Pancreatitis: the painful belly, and the fatty-meal myth
Dr. Alastair Greenway
MRCVS
By Dr Alastair Greenway MRCVS | Reviewed by Claire Greenway BVM&S MRCVS
Most owners arrive at this word in one of two states. Either you are frightened, because your vet has said "pancreatitis" and it sounded serious, or you are quietly guilty, because you gave him a slice of the Christmas ham and now here you are. I'd like to take the weight off both feelings, because the modern picture of this disease is kinder than the old folklore suggests.
Pancreatitis means inflammation of the pancreas. It ranges from a mild bout that settles in days to a serious, body-wide illness, and it looks genuinely different in dogs and cats. Much of the folklore around it does not hold up: that one fatty meal must be to blame, or that a single blood test gives a clean yes or no. The acute attack's treatment, the long-term feeding and the slow grumbling form each have their own guide, which I'll point to as we go.
What the pancreas does, and what goes wrong
The pancreas is a small gland tucked beside the stomach and the first part of the small intestine, and it does two separate jobs. One is to make digestive enzymes, which it releases into the gut to break food down. The other is to make hormones, insulin among them. This article is about the enzyme-making side inflaming. When that gland instead stops making enough enzymes, that is a different problem called exocrine pancreatic insufficiency, covered in what EPI is; the hormone side failing is diabetes, which lives in the Endocrine and Hormones space (Watson, 2015; Cridge et al., 2022).
Here is the slightly alarming part. These enzymes are powerful, so the body keeps them switched off until they reach the gut; in pancreatitis that safety catch fails and they activate too early, inside the pancreas itself. In effect the gland begins to digest itself, and the inflammation can spill into the surrounding fat and, when severe, the whole body, which is why a pet can become so unwell so fast (Watson, 2015; Cridge et al., 2022).

The single thing I most want owners to take from this is that it hurts. Acute pancreatitis is genuinely painful in dogs, and that pain is easy to miss, which is why most affected dogs should simply be assumed to need pain relief rather than made to earn it (Mansfield and Beths, 2015). In cats it is harder still to read, because cats hide discomfort so well. So if your pet seems sore, withdrawn or just not themselves, they are not being dramatic, and how a flare is managed belongs to the pancreatitis flare.

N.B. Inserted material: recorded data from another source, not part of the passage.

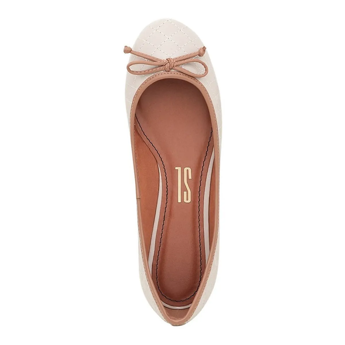 Sapatilha feminina confeccionada em verniz com acabamento em costura matelassê, modelo de bico redondo e salto flat, possui laço sobre o cabedal, essa sapatilha combina conforto e estilo, perfeita para compor looks casuais com elegância e versatilidade.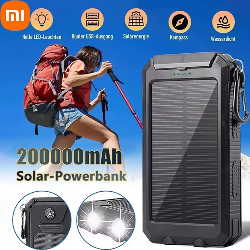 Xiaomi 200000mAh Power Bank Fast Charging Outdoor Large Capacity External Battery Solar PowerBank Flashlight For iPhone Samsung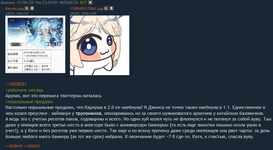 Ну чёт хз ребята, ахуй и синема уже не вставляет, локация максимально унылая, огромные полупустые пространства, мотоцикл сделан плохо, езда не чувствуется, как будто на лодке плывешь а не едешь, звука мотора нет, все новые активности на картах душные и неинтересные, чё то я всё походу, а 8 по счёту проебанный флип окончательно поставил точку, единственное что держало в игре это красивые персонажи но с таким анлаком наряжать всех даже с0 уже невозможно. Попробую попытать удачу в ушках, а если и они не зайдут то окончательно дропну гачи.надеюсь

Acute, chronic, and why cats are a different story
There are two broad shapes to this disease. Acute pancreatitis is a sudden bout of inflammation. In a dog the classic picture is vomiting, a tender belly (some adopt a hunched, "praying" posture, front end down and bottom up), going off food, and lethargy, sometimes with diarrhoea (Watson, 2015; Cridge et al., 2021). It can be mild and self-limiting, or a dangerous, hospital-level illness.
Chronic pancreatitis is the quieter cousin: low-grade, smouldering, recurrent inflammation that can slowly scar the gland over months and years. It is far more common than anyone used to think: in a UK first-opinion post-mortem study, chronic pancreatitis was found in around 34% of dogs even though most were never diagnosed with it in life (Watson et al., 2007). That form gets its own discussion in chronic, grumbling pancreatitis, so I'll leave the depth there.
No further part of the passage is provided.